Image Gallery (16 Images)
THE PACKAGING [3.5 out of 4]
The front cover has newly commissioned artwork by Giles Vranckx. It is minimal (not that minimal) but it does the job of looking nice on the shelf.
The reverse side offers the original theatrical poster, which is usually what I prefer. The art gives us a taste of the many things to come in the film.
The reverse cover art does not contain these ratings logos.
Both of these essays are worth the few minutes it will take to read them. In the back of booklet is information about the transfer.
All of this is packaged inside of the normal clear amray case (14mm) that Arrow uses for most of
their releases. The clear case works better with the artwork than a blue case.
The disc is REGION B (locked).
THE PICTURE [3.5 out of 4]
I really like the transfer for Coffy. This is not a transfer that is going to win awards, but I think that it is pretty faithful to the source material. Detail is high, with us being able to see a lot of the smaller things that went into the costume design (which is really nice). We can also see the pores on the actors’ faces. Colors are a bit muted, except when it comes to flesh colors, but that is expected from a film that seems grittier and down and dirty. The colors that do shine are the oranges and reds of the various costumes that Grier wears in the film. There is a nice level of grain as well and I did not see any DNR or other digital manipulations. This transfer could have been better, but I am more than happy with what we have been given.
Arrow has given us one audio track (outside of the commentary track) and it does the job nicely. Coffy is a dialogue heavy film, with the music coming up second. Everything is nicely done here. Dialogue is crisp and clear and there is no hissing or distortions. The music comes through loud and clear and has nothing wrong with it either. This is a nice track.

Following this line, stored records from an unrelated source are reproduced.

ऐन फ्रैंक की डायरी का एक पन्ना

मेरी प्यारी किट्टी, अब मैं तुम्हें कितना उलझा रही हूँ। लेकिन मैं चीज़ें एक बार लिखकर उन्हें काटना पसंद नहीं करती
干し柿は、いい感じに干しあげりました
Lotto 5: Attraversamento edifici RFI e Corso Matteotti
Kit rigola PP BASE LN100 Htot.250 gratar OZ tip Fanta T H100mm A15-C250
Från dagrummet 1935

Coffy is one of the first Blaxploitation films that I had ever seen. It used to play on Channel 50 all the time with other Blaxploitation classics like Slaughter! and Hell Comes to Harlem. I have seen this film a bunch of times and it was the film that made me fall in love with Pam Grier.

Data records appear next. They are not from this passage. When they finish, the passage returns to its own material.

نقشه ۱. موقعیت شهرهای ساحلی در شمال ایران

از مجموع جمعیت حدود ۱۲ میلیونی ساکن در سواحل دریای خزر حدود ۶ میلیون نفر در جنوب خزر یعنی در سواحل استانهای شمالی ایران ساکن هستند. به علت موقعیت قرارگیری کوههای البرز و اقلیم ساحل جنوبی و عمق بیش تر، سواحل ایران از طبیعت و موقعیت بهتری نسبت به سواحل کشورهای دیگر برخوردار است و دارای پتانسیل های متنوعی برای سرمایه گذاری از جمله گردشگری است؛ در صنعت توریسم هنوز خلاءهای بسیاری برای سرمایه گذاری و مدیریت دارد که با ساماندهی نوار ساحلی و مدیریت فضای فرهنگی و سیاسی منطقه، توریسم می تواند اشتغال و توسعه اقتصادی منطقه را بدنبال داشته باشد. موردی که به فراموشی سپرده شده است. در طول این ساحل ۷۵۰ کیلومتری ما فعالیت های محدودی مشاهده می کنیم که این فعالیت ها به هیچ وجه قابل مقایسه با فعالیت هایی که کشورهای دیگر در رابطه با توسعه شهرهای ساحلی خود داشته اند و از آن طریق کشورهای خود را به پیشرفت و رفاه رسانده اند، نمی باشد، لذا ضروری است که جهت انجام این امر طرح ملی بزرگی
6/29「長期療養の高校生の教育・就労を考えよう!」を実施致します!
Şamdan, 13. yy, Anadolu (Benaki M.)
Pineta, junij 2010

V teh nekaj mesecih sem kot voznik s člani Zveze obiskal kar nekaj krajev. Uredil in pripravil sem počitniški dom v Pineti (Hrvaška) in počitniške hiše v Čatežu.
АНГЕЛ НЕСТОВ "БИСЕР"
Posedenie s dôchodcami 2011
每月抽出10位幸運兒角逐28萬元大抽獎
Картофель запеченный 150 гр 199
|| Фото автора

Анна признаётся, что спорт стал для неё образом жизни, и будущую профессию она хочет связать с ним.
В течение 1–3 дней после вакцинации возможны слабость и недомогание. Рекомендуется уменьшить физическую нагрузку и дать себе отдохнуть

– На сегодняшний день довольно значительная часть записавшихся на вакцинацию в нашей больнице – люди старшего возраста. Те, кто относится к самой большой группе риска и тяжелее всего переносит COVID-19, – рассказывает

Grier is a force to be reckoned with and she doesn’t take no for an answer. Her first scene in Coffy climaxes with her blowing a guy’s head off with a sawed off shotgun. If there is any better introduction for an actress of color, then you must point me in the direction of that film. From then on, Grier’s Coffy has to juggle her day job (as a nurse) and her night job of busting dope pushers. Her motive is her younger sister (who we see twice and then forget about) who succumbed to the temptations of dope and is now in the hospital.
Coffy goes about getting to the top of the dope game by using her brains as well as her body. This film came out during a time when being a black actress meant that you could kick as much ass as you wanted to and tell the story that you wanted to, but you had to so while getting naked throughout the film. I don’t think that there is a man alive (gay or straight) that could resist Ms. Grier. The attitude and the body make one lethal combination. There are scenes where random men come up to Coffy and she takes care of them but quick.
Coffy is one of the first Blaxploitation films and set the groundwork for the many, many films to follow. It showed audiences that blacks could do just as good a job as whites could and it showed the studios that black films could go up against white films any day of the week. In fact, I would put Grier up there with the likes of Sigourney Weaver and Michelle Yeoh as one of the best action stars of all time.
Coffy is a really good film with good performances and a rockin’ soundtrack. The acting can be a bit wobbly at times and the action is a little stiff, but the film has so much going for it that we can look past the minor quibbles. I wish that more people would take a look at Blaxploitation films. Most of the are entertaining and some of them even have Pam Grier. So you really can’t go wrong.